• **Instructions to follow**: I would like the lines below, from the one with "汾河清水复流北赵联接段工程禹门口一级改扩建泵站开机上水启动仪式现场" through the one with "Taie D’Oreiller, Traversin|EMINZA", copied exactly and without any pictures.

• **Exercise data**:

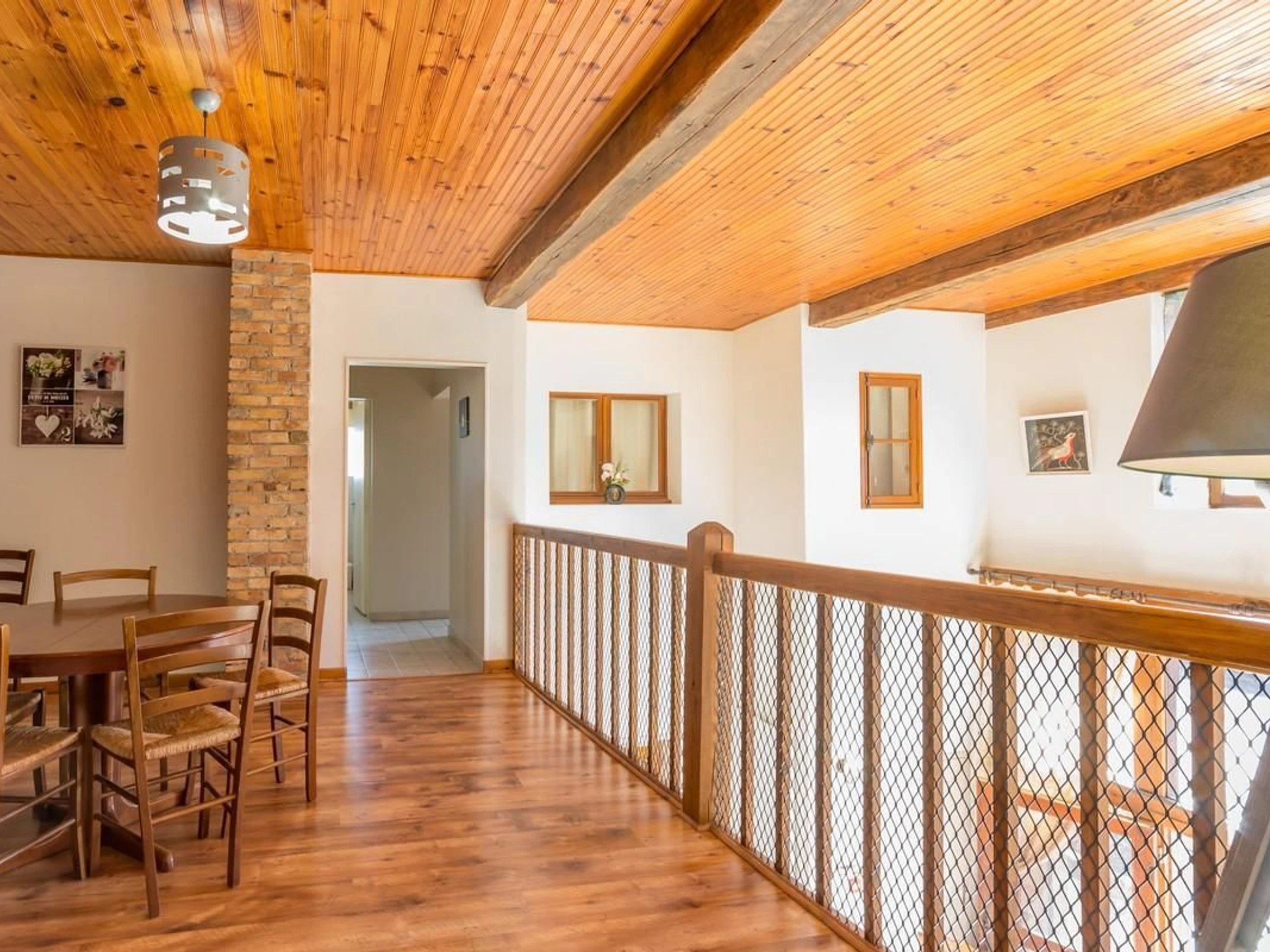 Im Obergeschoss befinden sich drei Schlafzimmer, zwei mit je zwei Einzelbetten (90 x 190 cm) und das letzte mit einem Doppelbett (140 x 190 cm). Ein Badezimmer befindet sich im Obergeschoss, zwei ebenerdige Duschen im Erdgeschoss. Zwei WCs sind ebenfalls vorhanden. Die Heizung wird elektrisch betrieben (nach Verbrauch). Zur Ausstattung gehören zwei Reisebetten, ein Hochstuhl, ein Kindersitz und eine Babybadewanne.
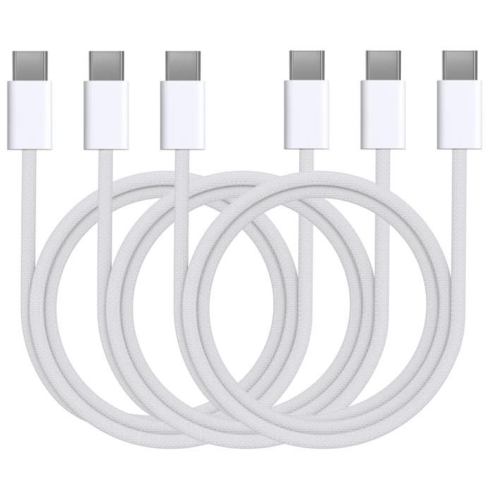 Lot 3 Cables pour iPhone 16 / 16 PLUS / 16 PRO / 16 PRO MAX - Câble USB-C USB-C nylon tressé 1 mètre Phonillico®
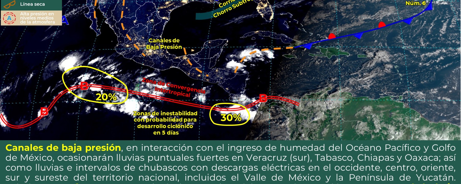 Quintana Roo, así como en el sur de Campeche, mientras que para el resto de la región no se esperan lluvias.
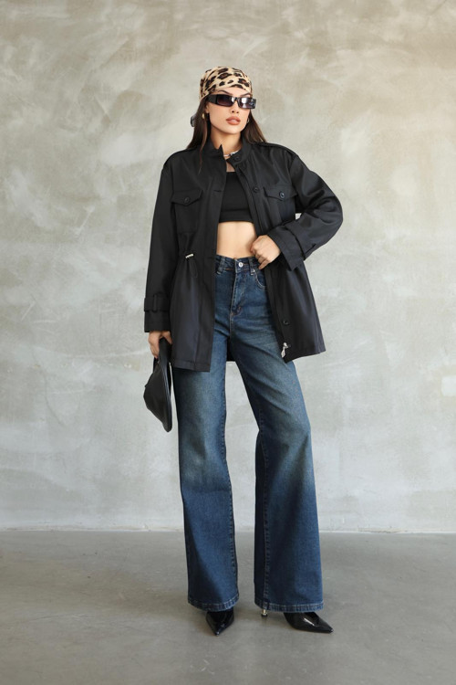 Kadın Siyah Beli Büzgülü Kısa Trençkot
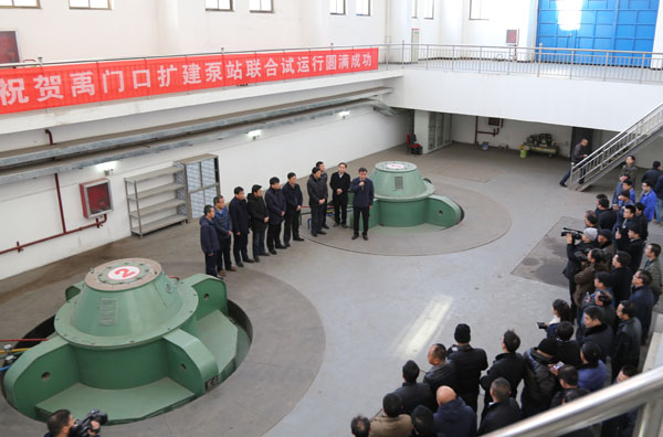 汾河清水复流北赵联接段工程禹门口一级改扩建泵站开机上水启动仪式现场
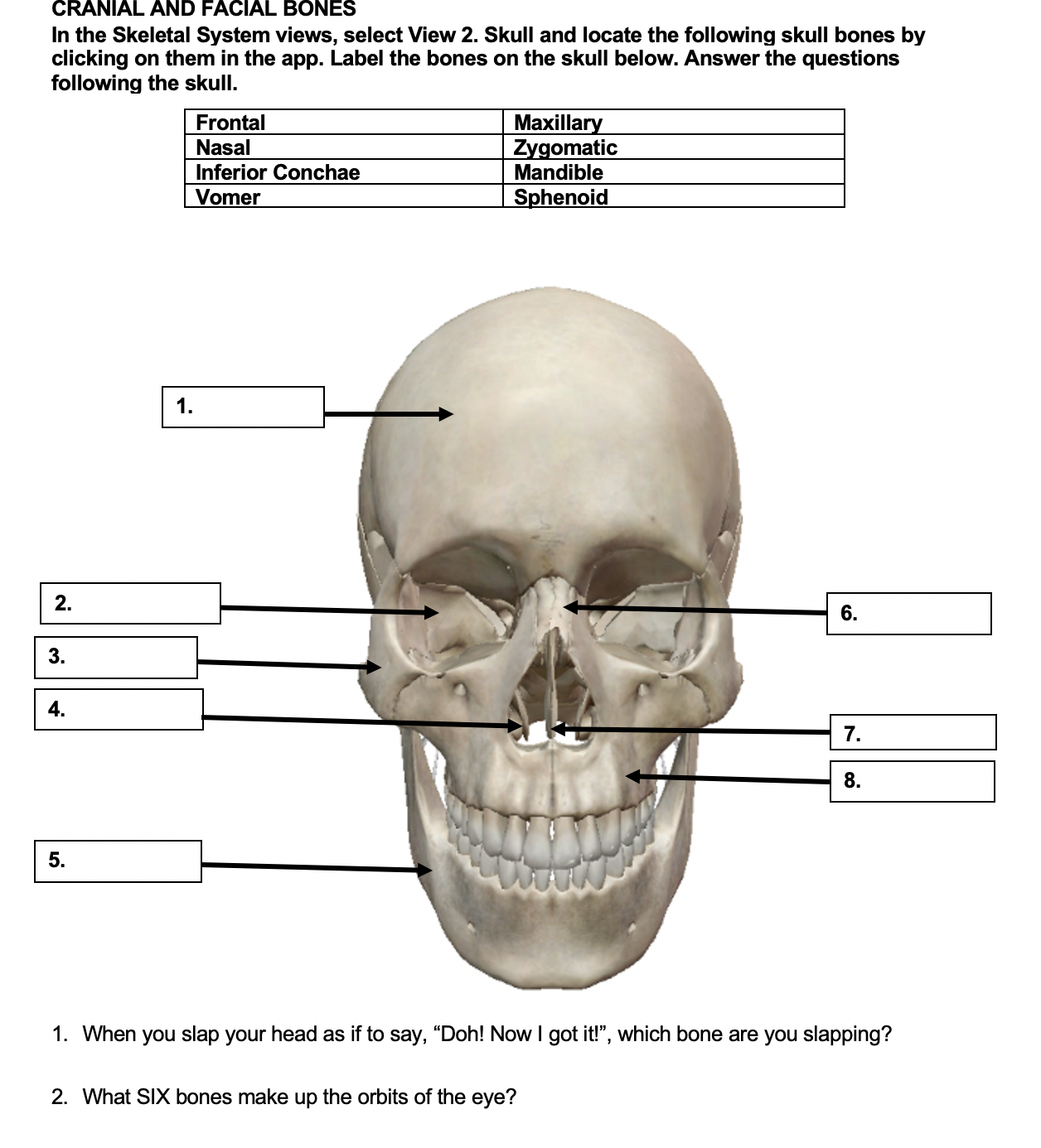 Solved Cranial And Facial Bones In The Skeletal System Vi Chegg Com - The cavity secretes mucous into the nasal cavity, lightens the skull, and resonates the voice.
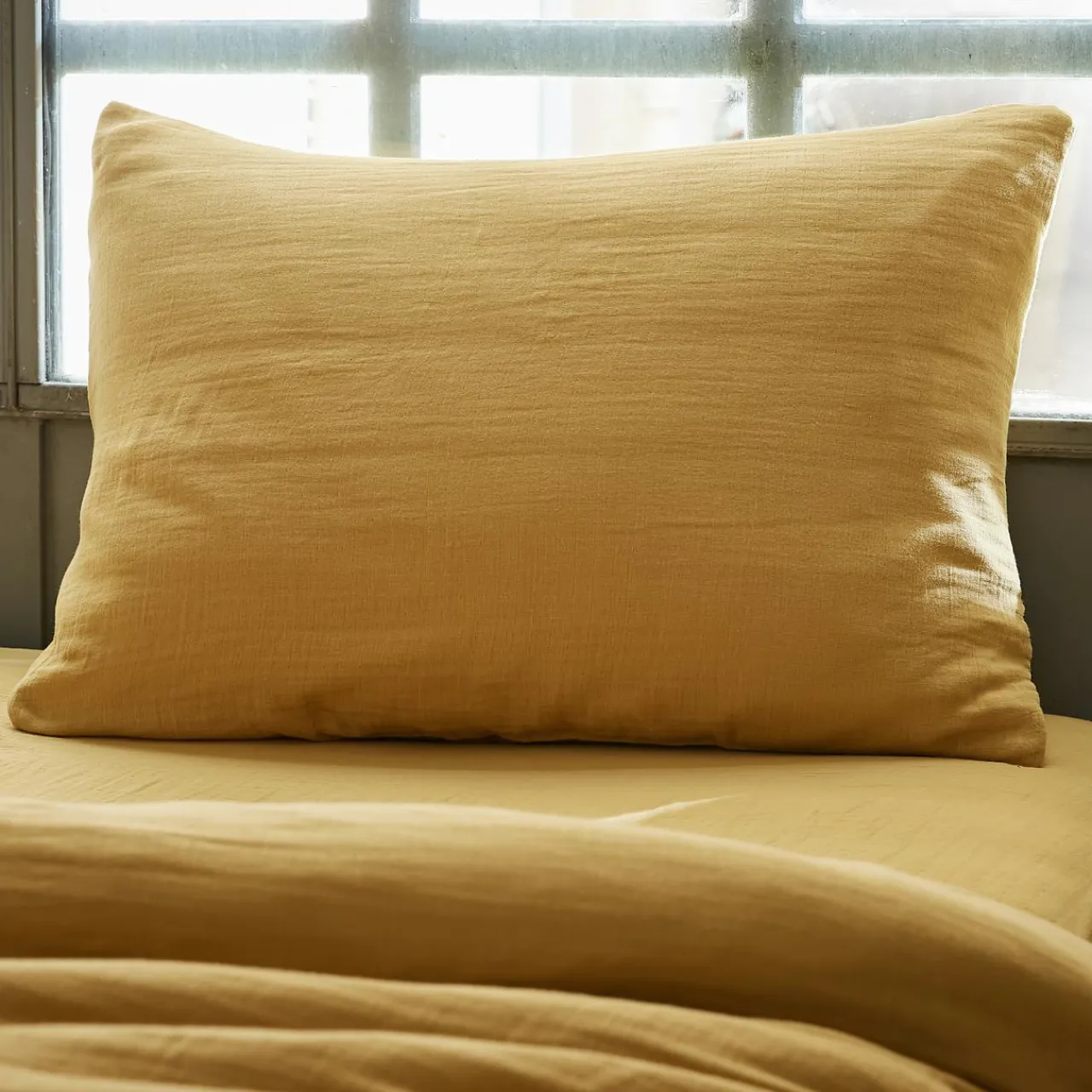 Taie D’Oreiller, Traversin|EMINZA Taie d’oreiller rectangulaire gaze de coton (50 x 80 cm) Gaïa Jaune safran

---

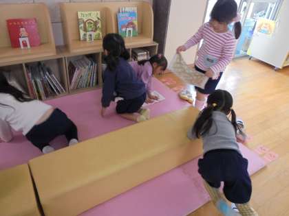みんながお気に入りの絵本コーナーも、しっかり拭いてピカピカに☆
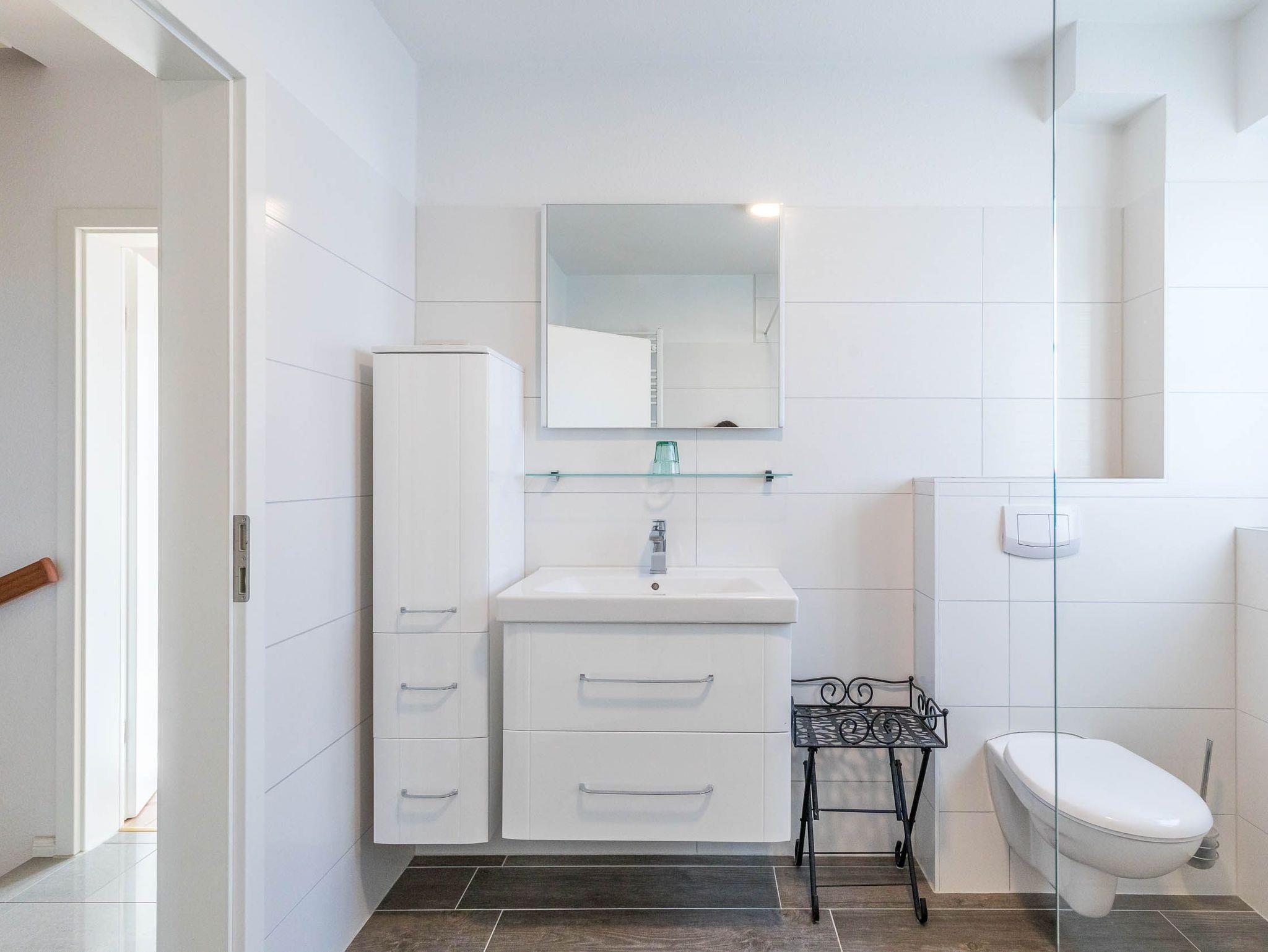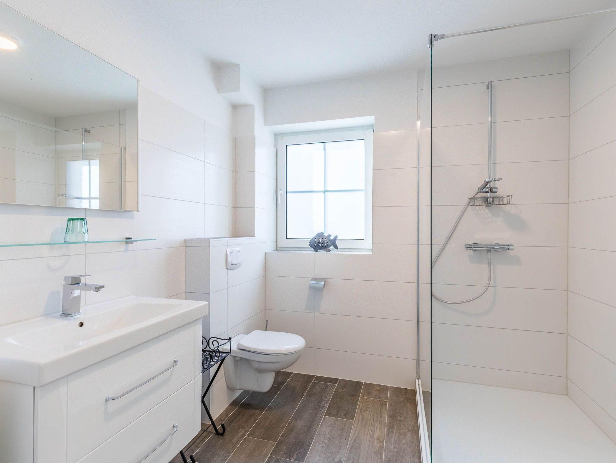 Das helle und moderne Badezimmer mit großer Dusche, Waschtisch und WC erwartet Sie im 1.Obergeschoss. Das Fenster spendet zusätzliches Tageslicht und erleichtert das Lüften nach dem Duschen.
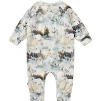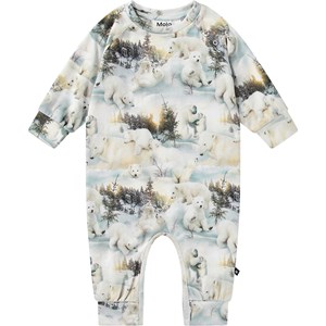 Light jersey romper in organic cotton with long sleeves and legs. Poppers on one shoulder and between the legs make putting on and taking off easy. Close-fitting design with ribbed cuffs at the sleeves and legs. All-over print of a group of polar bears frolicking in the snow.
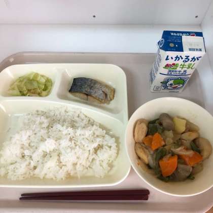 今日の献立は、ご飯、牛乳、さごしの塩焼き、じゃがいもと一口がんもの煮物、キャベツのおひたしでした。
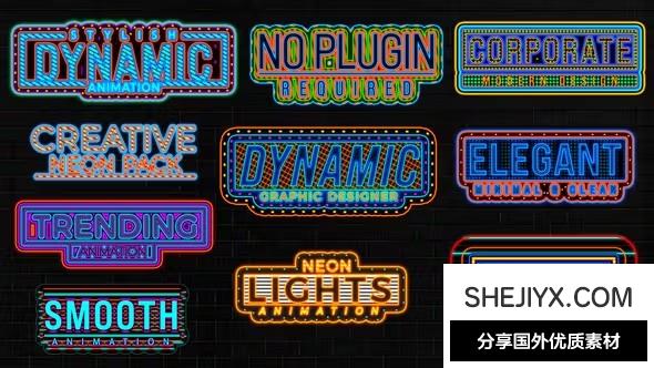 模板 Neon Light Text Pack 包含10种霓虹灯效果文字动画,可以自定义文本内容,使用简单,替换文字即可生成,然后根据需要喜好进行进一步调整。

==

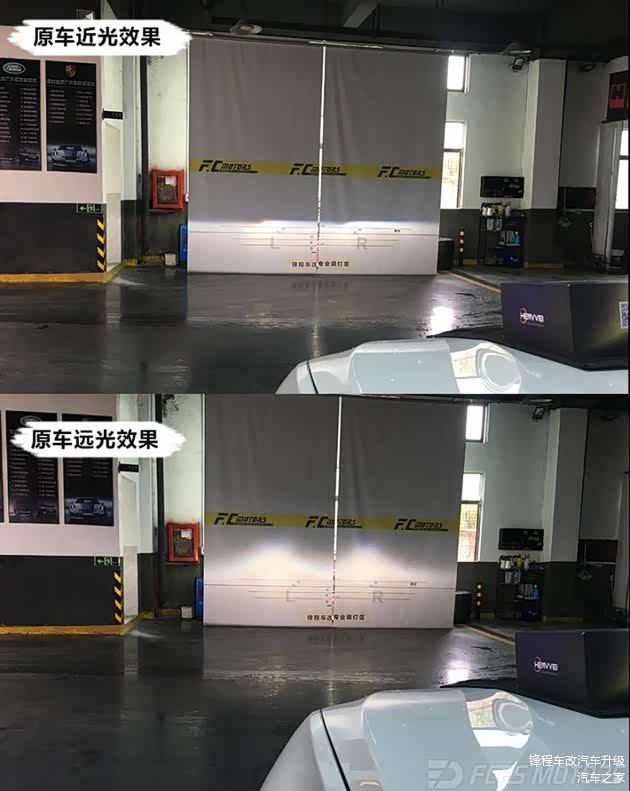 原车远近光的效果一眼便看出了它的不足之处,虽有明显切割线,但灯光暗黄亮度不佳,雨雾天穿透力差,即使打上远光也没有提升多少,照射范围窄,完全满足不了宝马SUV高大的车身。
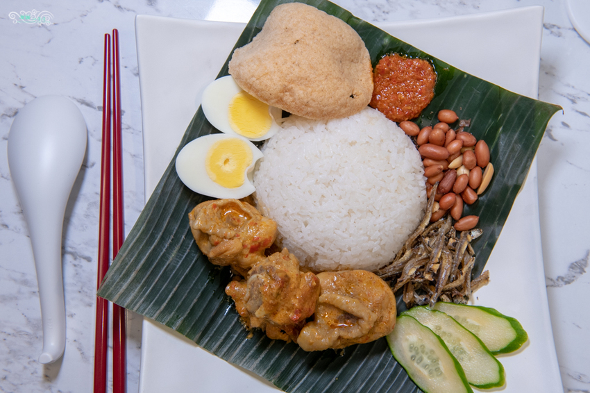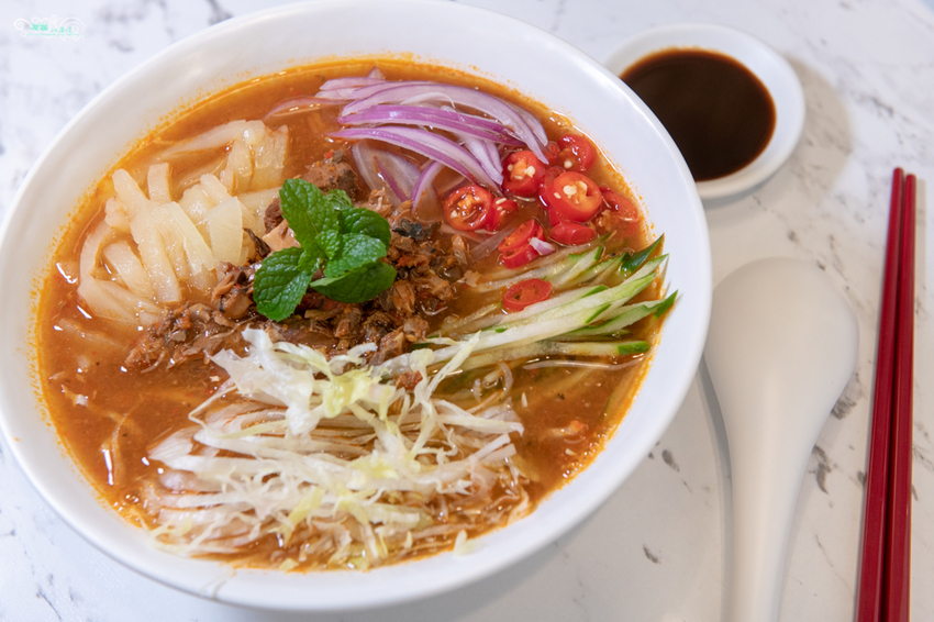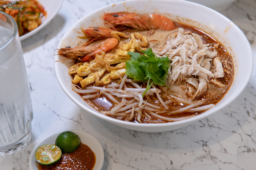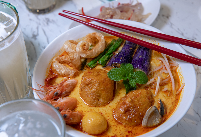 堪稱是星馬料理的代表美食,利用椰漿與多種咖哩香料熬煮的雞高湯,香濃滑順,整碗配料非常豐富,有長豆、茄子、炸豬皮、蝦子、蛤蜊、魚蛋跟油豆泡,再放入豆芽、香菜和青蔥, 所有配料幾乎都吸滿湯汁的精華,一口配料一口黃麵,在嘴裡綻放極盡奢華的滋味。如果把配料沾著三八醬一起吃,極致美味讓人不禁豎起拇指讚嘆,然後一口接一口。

• **Response to the task**:
 汾河清水复流北赵联接段工程禹门口一级改扩建泵站开机上水启动仪式现场
 Solved Cranial And Facial Bones In The Skeletal System Vi Chegg Com - The cavity secretes mucous into the nasal cavity, lightens the skull, and resonates the voice.
 Taie D’Oreiller, Traversin|EMINZA Taie d’oreiller rectangulaire gaze de coton (50 x 80 cm) Gaïa Jaune safran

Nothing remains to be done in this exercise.